Горшенев пожал плечами:
– Я и наш генеральный директор – с нашей стороны. Ну и Кондратенко, естественно. Губернатор.
– И все? – недоверчиво спросил я. – А охрана, экипаж самолета были не в курсе того, что им предстоит перевозить?
– Абсолютно! – твердо ответил Горшенев. – Мы подготовили наличные и практически за минуту до того, как начали грузить их в инкассаторскую машину, произвели на компьютере необходимые операции. Никто бы не смог их проследить, а даже если бы и смог – не успел бы ничего организовать. Это просто физически невозможно.
– Вы не поняли, – сказал я. – Я спрашиваю вас об охране и экипаже самолета.
– Они просто должны были сопровождать Кондратенко, – покачал головой Горшенев. – Он как бы летел обратно, домой. Никто не был в курсе того, что именно могло быть в самолете. Кроме нас троих, разумеется.
– Я хотел бы поговорить с остальными двумя.
– Нет ничего проще. Кондратенко, разумеется, не уехал никуда, остался в Москве. Живет он в гостинице «Рэдиссон-Славянская». Что касается нашего генерального директора, то он подъедет в банк где-то часам к трем.
– Как его зовут?
– Меркурьев Олег Васильевич.
Я записал это имя.
– Спасибо, – поблагодарил я Александра Аркадьевича. – Он сможет зайти к нам в прокуратуру?
– Если это нужно…
– Разумеется, нужно.
– Конечно, он придет, – с заметным напряжением в голосе проговорил Горшенев.
Честно говоря, мне его тон не понравился.
– Если нужно, – заявил я, – я пришлю ему повестку. Это обязательно?
Он посмотрел на меня испуганно:
– Ну что вы. Конечно, нет.
И в эту минуту на его столе заговорил селектор, причем весьма приятным голоском молодой девицы:
– Александр Аркадьевич!

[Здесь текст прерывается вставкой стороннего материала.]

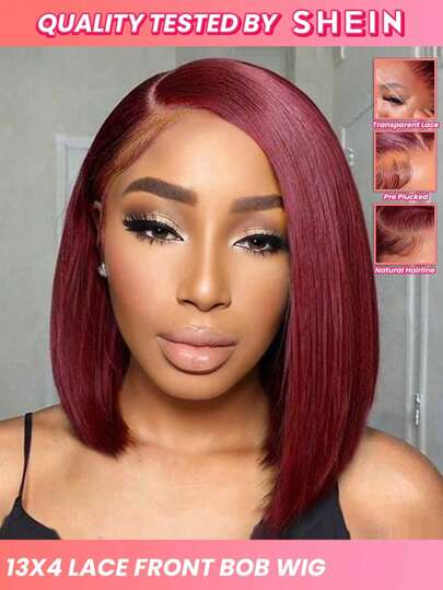 Highlight Short Straight 13X4 Lace Front Wigs Ombre 99J Real Human Hair Lace Frontal Closure Wigs For Women With Front Baby Hair Pre Plucked Natural Hairline Wig - S99J - View 1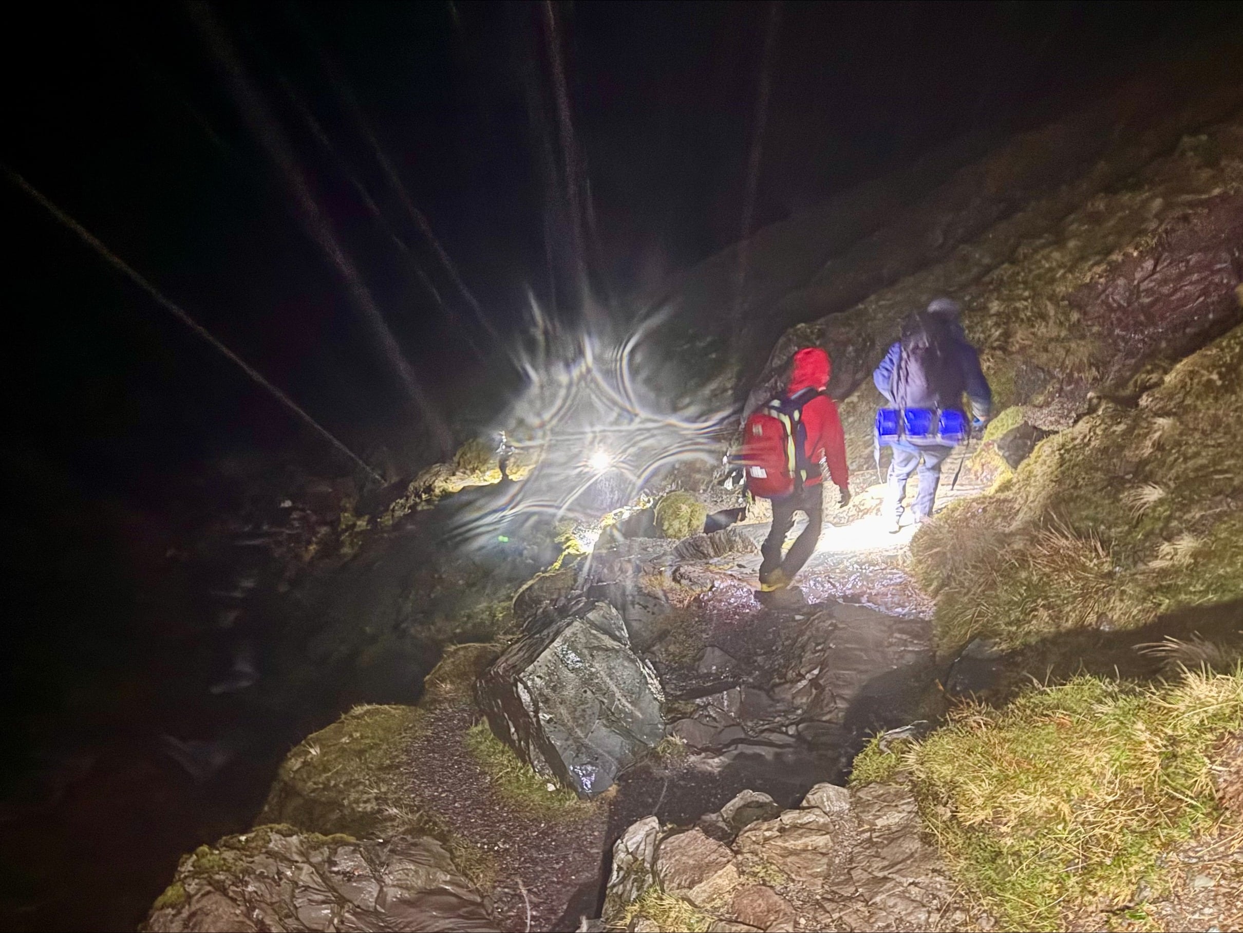 Fallen trees blocked the Borrowdale road, forcing the teams to divert via Portinscale. Splitting into two groups, members approached via Grains Gill and the Sty Head path. The teenagers were located sheltering in the Sty Head stretcher box; they were cold but otherwise unharmed. During the search, the team also located a solo camper near Sprinkling Tarn who required an escort off the hill. All three individuals were safely walked down to Seathwaite and returned to their vehicles.

Вам звонят из Московского уголовного розыска. Спрашивают господина Турецкого.
Горшенев снял трубку и передал ее мне.
– Мы нашли его, Саша, – услышал я голос Грязнова. – Некий Хащенко Алексей Алексеевич.
– Адрес?
– Не гони лошадей. Мы поедем туда вместе.

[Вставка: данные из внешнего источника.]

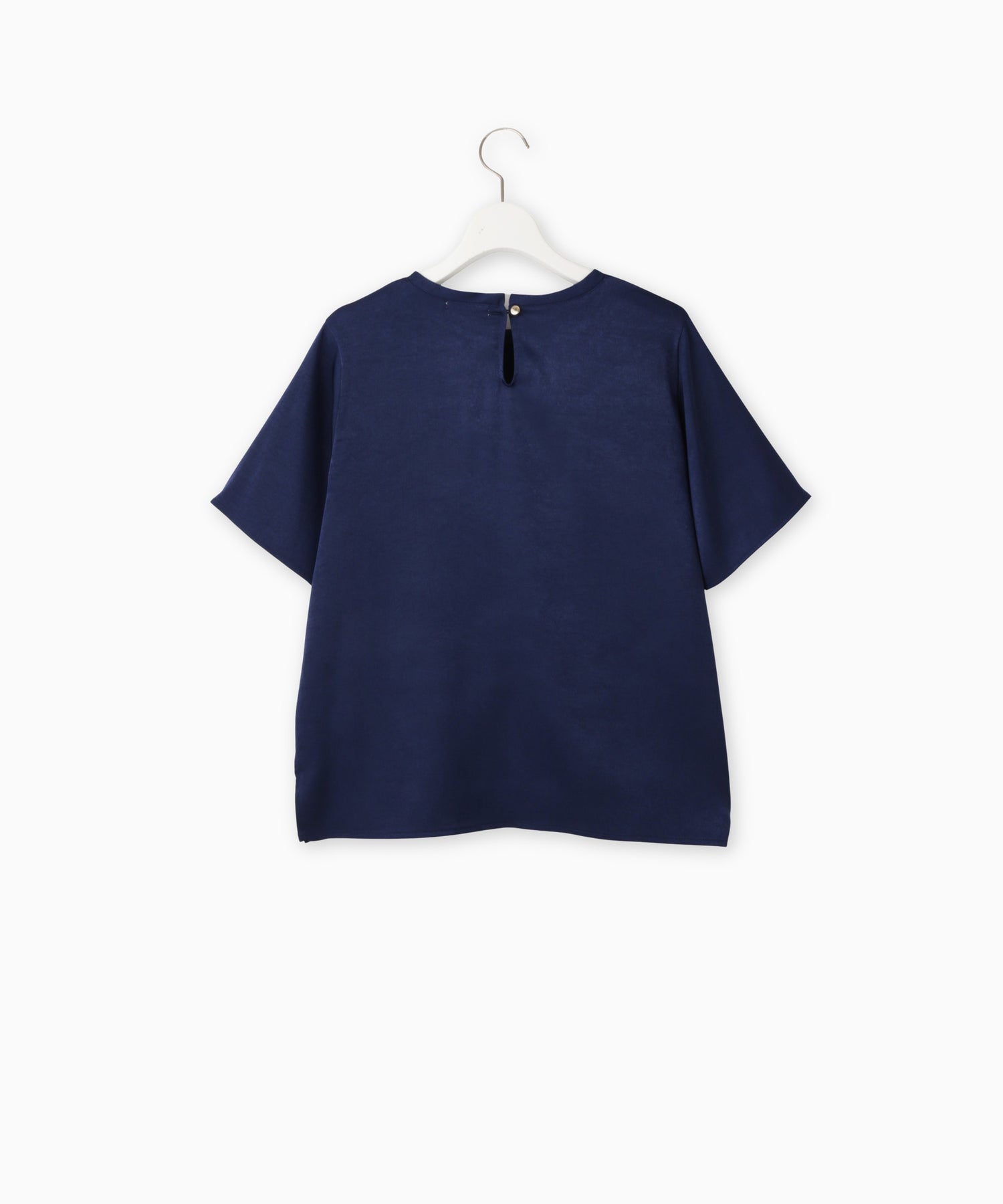 どんなアイテムとも合わせやすいサテンTブラウス。

– Я собираюсь это сделать прямо сейчас.
– Не сомневаюсь, – ответил Грязнов. – Я уже на полпути к тебе. Звоню из машины.
– Это что – так серьезно?
Вопрос мой остался без ответа.
– Если ты там закончил, – распорядился Грязнов, – то можешь выходить к подъезду. Мы будем там через семь-восемь минут.
– Слушаюсь.
Перед тем как уйти, я вспомнил кое-что и попросил Горшенева:
– Передайте, пожалуйста, Меркурьеву, что, прежде чем собраться ко мне в прокуратуру, ему хорошо было бы позвонить и условиться со мной о времени. Боюсь, меня может не быть на месте.
– Хорошо, – кивнул Горшенев.
Судя по настроению Грязнова, я вполне могу задержаться. Что, интересно, он там надыбал?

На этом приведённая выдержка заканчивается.